After voting myself, I took my leave of them, and set out to return to Paris.


CHAPTER V

THE FIRST SITTING OF THE CONSTITUENT ASSEMBLY—THE APPEARANCE OF THIS ASSEMBLY.

I stopped at Valognes only long enough to bid good-bye to some of my friends. Many left me with tears in their eyes, for there was a belief current in the country that the representatives would be exposed to great danger in Paris. Several of these worthy people said to me, "If they attack the National Assembly, we will come and defend you." I feel a certain remorse at having seen only vain words in this promise at the time; for, as a matter of fact, they did all come, they and many more, as I shall show later.

It was only when I reached Paris that I learnt that I had received 110,704 votes out of a possible 120,000. Most of my new colleagues belonged to the old dynastic Opposition: two only had professed republican principles before the Revolution, and were what was called in the jargon of the day "Republicans of yesterday." The same was the case in most parts of France.

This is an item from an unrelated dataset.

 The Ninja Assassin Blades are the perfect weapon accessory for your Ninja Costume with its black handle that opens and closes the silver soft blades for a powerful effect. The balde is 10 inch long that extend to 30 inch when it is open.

There have certainly been more wicked revolutionaries than those of 1848, but I doubt if there were ever any more stupid; they neither knew how to make use of universal suffrage nor how to do without it. If they had held the elections immediately after the 24th of February, while the upper classes were still bewildered by the blow they had just received, and the people more amazed than discontented, they would perhaps have obtained an assembly after their hearts; if, on the other hand, they had boldly seized the dictatorship, they might have been able for some time to retain it. But they trusted themselves to the nation, and at the same time did all that was most likely to set the latter against them; they threatened it while placing themselves in its power; they alarmed it by the recklessness of their proposals and the violence of their language, while inviting it to resistance by the feebleness of their actions; they pretended to lay down the law to it at the very time that they were placing themselves at its disposal. Instead of opening out their ranks after the victory, they jealously closed them up, and seemed, in one word, to be striving to solve this insoluble problem, namely, how to govern through the majority and yet against its inclination.

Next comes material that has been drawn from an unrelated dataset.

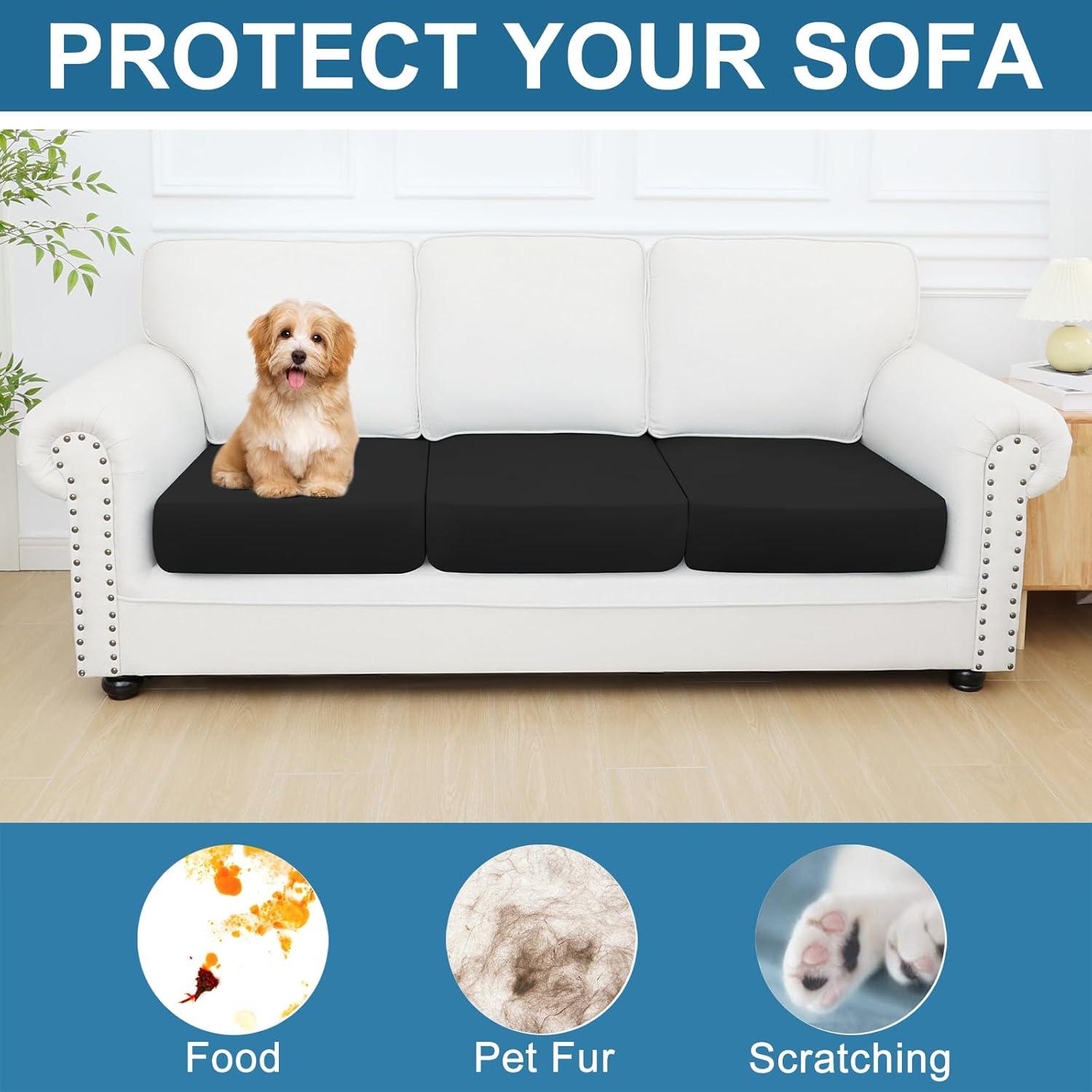 Smiry Printed Couch Cushion Covers, Stretch Soft Couch Covers for Sofa, Washable Non-Slip Sofa Slipcover Furniture Protector for Indoor and Outdoor (3 Pack, Dark Grey)(Black)

Following the examples of the past without understanding them, they foolishly imagined that to summon the crowd to take part in political life was sufficient to attach it to their cause; and that to popularize the Republic, it was enough to give the public rights without offering them any profits. They forgot that their predecessors, when they gave every peasant the vote, at the same time did away with tithes, abolished statute labour and the other seignorial privileges, and divided the property of the nobles among the peasants; whereas they were not in a position to do anything of the kind. In establishing universal suffrage they thought they were summoning the people to the assistance of the Revolution: they were only giving them arms against it. Nevertheless, I am far from believing that it was impossible to arouse revolutionary passions, even in the country districts. In France, every agriculturist owns some portion of the soil, and most of them are more or less involved in debt; it was not, therefore, the landlords that should have been attacked, but the creditors; not the abolition promised of the rights of property, but the abolition of debts. The demagogues of 1848 did not think of this scheme; they showed themselves much clumsier than their predecessors, but no less dishonest, for they were as violent and unjust in their desires as the others in their acts. Only, to commit violent and unjust acts, it is not enough for a government to have the will, or even the power; the habits, ideas, and passions of the time must lend themselves to the committal of them.